The morphological properties of TKC before and after BF adsorption were analyzed by using scanning electron microscopy (SEM) which is a valuable tool for precise measurement and analysis of very small features and the morphology of the sample. A flake-like TKC adsorbent particle’s surface is shown in Figure 3, both before (Figure 3(a)) and after (Figure 3(b)) BF adsorption. As can be observed in Figure 3(a), TKC has a rough surface with pores that can be identified as dark spots. These pores are then filled with BF dye molecules following adsorption as shown in Figure 3(b). It was possible to see the pores becoming blocked and the material shrinking as a result of BF adsorption.

Figure 3

SEM of the TKC: (a) before BF adsorption; (b) after BF adsorption.

(b)

3.2. Adsorption Studies

3.2.1. Study the Effect of Contact Time

The study of the contact time effect on the adsorption of BF dye was carried out at different temperatures (Figure 4). The quick absorption of the dye can be noticed in the first 50^th minutes of the adsorption process, which is due to the presence of a high number of empty adsorbent sites and the high affinity of solute concentration to the surface. The adsorption rate becomes slower after a period (>2 hours), and equilibrium was reached after 180 min of shaking the solution of the BF dye and TKC adsorbent at different temperatures. A 240-minute reaction time was used as a reference to ensure that equilibrium was reached and approached the constant values 72.75, 72.91, 73.5, and 73.8 mg·g^-1 at 20, 30, 40, and 50°C. The rate of dye adsorption onto the interior sites of the adsorbent particles in batch adsorption was controlled by the adsorption of dye molecules in the bulk solution onto the interior sites of the adsorbent particles [28].

Figure 4

Effect of contact time on the adsorption of 150 mg·L^-1 of BF dye on TKC at different temperatures.

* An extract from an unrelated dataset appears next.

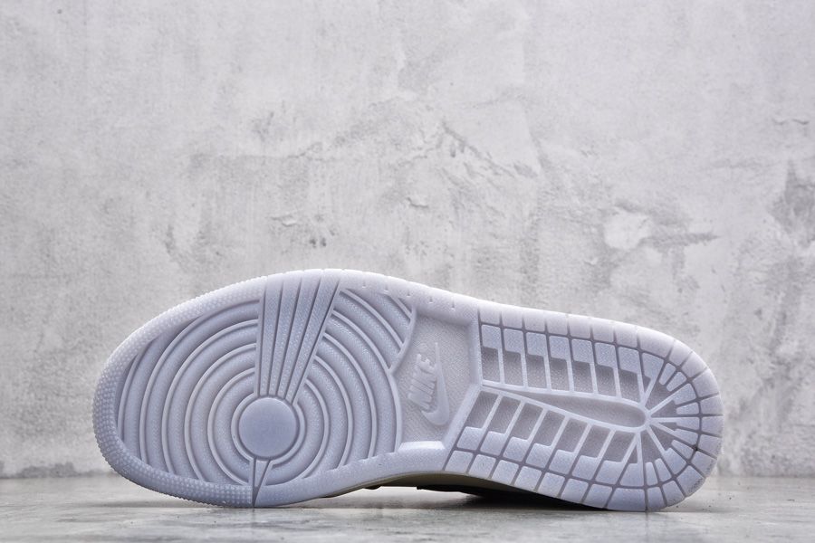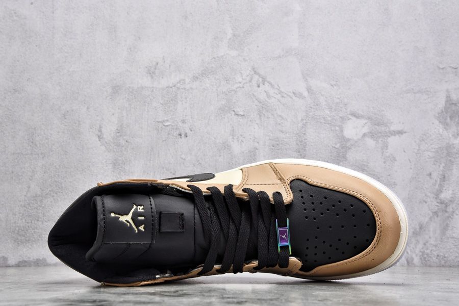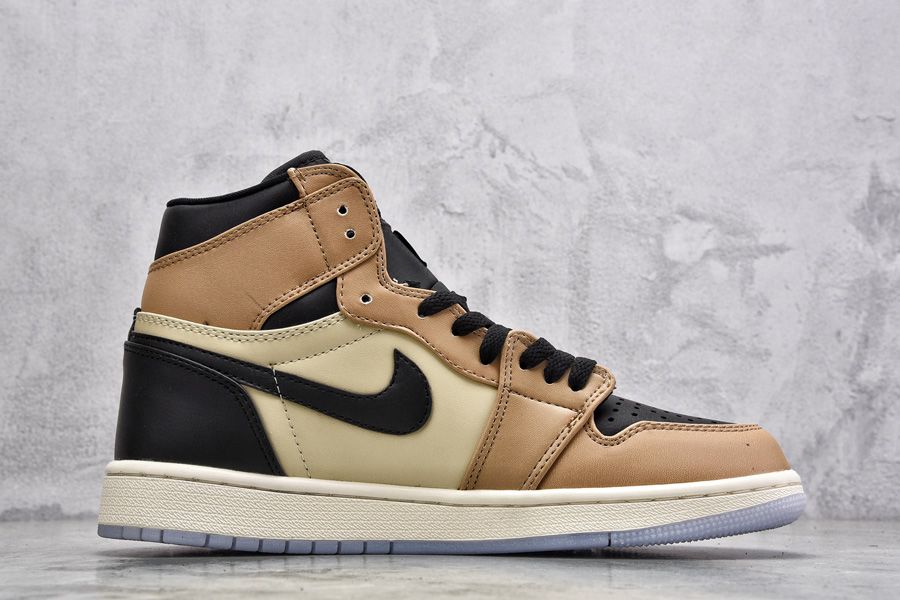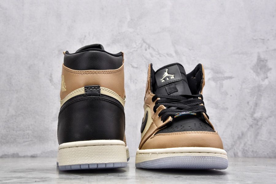 This Air Jordan 1 comes dressed in a Black, Fossil and Pale Ivory color combination. Highlighted with Khaki like shades across the upper while Black lands on the Swoosh, around the heel, ankle, tongue, laces and toe. Ivory then lands on the panels, White runs across the midsole and then we have a translucent outsole. Finishing the look is an iridescent lace jewel.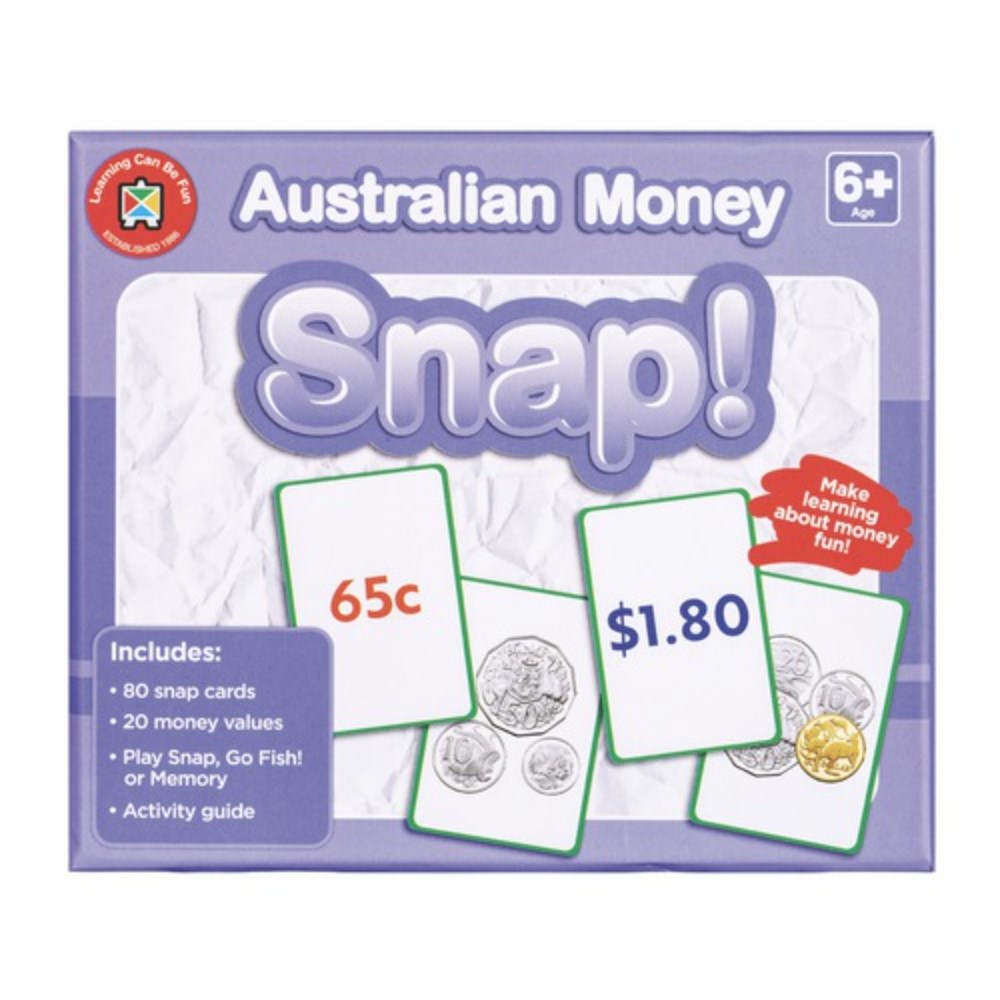 • Includes: 80 snap cards, 20 money values and activity guide.

The results (Figure 4) illustrate that increasing temperature may enhance the diffusion rate of the BF molecules from the bulk solution to the adsorbent surface, which means that there is a directly proportional relationship between temperature and the adsorption capacity of BF by TKC.

3.2.2. Study the Effect of the pH of the Solution

To investigate the effect of pH on TKC adsorption capability, the study was carried out with various initial pH levels ranging from 2 to 11. The removal efficiency (percent) and adsorption capacity (mg·g^-1) were shown versus the various initial pH. The adsorption is found to be strongly reliant on the pH of the solution, which influences the adsorbent’s surface charge, degree of ionization, and dissociation of various functional groups on the active sites [29]. The dye’s highest uptake occurs at pH values greater than 4, as seen in Figure 5, which is likely due to the hydrophobic nature of BF at higher pH values.

Figure 5

Effect of pH on the adsorption of 150 mg·L^-1 of BF on TKC at 30°C.

Therefore, all the subsequent studies were performed at the normal pH of the dye which was 6.8. The clay, however, is trioctahedral, and as a result, variable charge effects are supposed to be restricted to higher pH values.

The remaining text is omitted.